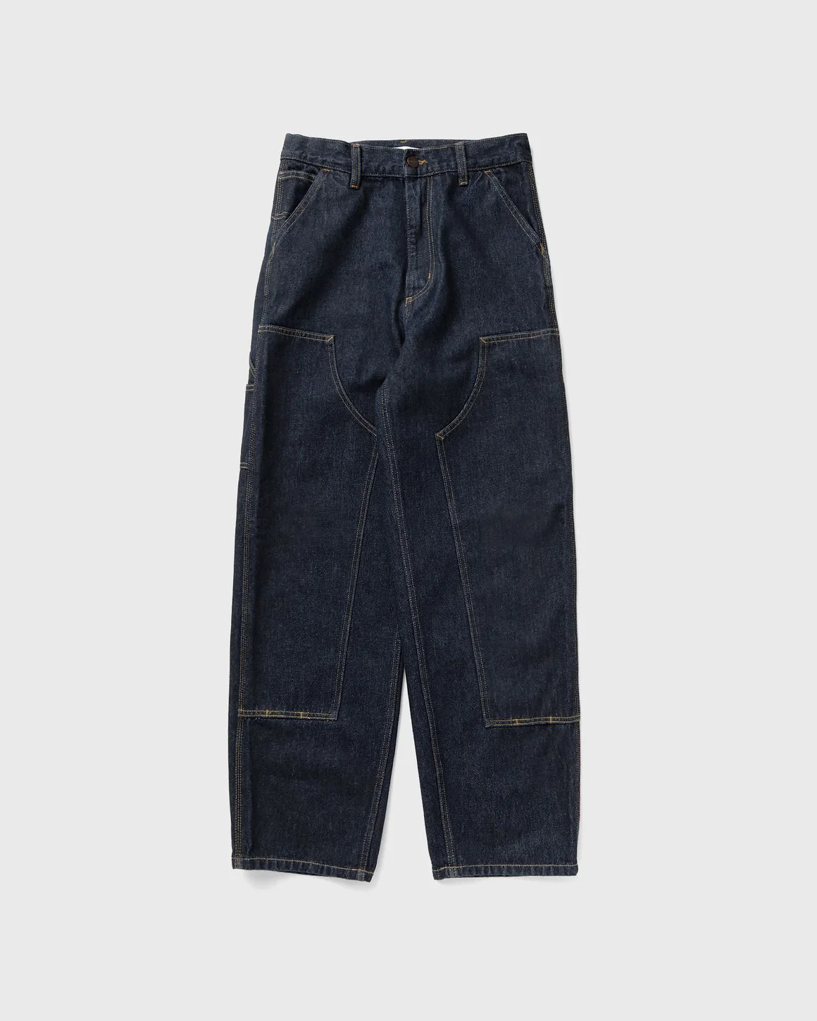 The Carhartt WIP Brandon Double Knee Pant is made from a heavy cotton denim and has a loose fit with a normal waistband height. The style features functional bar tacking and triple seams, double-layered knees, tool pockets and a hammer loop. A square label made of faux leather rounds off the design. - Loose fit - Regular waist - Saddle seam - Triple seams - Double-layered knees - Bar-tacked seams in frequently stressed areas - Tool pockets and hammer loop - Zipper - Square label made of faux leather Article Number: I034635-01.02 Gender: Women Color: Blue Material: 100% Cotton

---

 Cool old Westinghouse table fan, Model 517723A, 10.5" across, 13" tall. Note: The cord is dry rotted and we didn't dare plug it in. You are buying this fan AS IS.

...

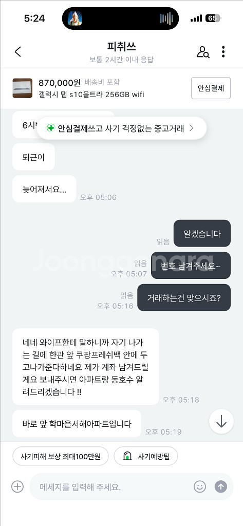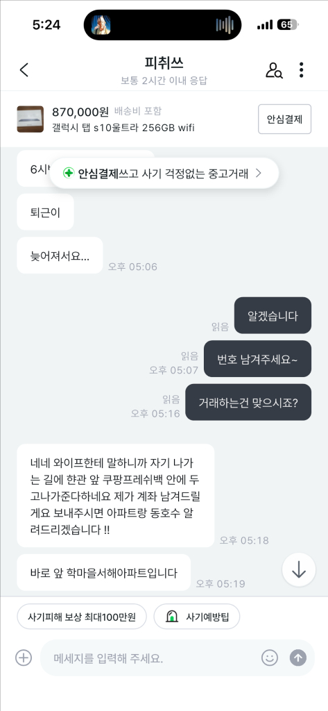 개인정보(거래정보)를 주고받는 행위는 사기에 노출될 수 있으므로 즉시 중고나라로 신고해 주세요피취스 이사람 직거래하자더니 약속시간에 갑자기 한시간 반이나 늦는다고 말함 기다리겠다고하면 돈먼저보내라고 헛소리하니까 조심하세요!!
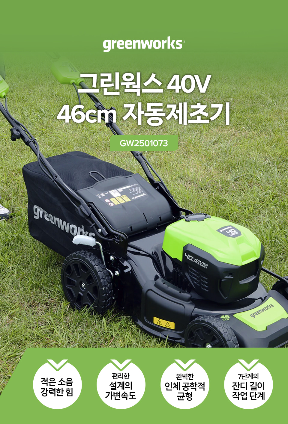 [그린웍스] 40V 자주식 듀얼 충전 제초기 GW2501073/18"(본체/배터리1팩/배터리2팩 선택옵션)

[What is being asked] Excluding any pictures, print exactly the lines of the listing above from the line with "개인정보(거래정보)를 주고받는 행위는" to the line with "[그린웍스] 40V 자주식", both ends included.

[Result of the task]
 개인정보(거래정보)를 주고받는 행위는 사기에 노출될 수 있으므로 즉시 중고나라로 신고해 주세요피취스 이사람 직거래하자더니 약속시간에 갑자기 한시간 반이나 늦는다고 말함 기다리겠다고하면 돈먼저보내라고 헛소리하니까 조심하세요!!
 [그린웍스] 40V 자주식 듀얼 충전 제초기 GW2501073/18"(본체/배터리1팩/배터리2팩 선택옵션)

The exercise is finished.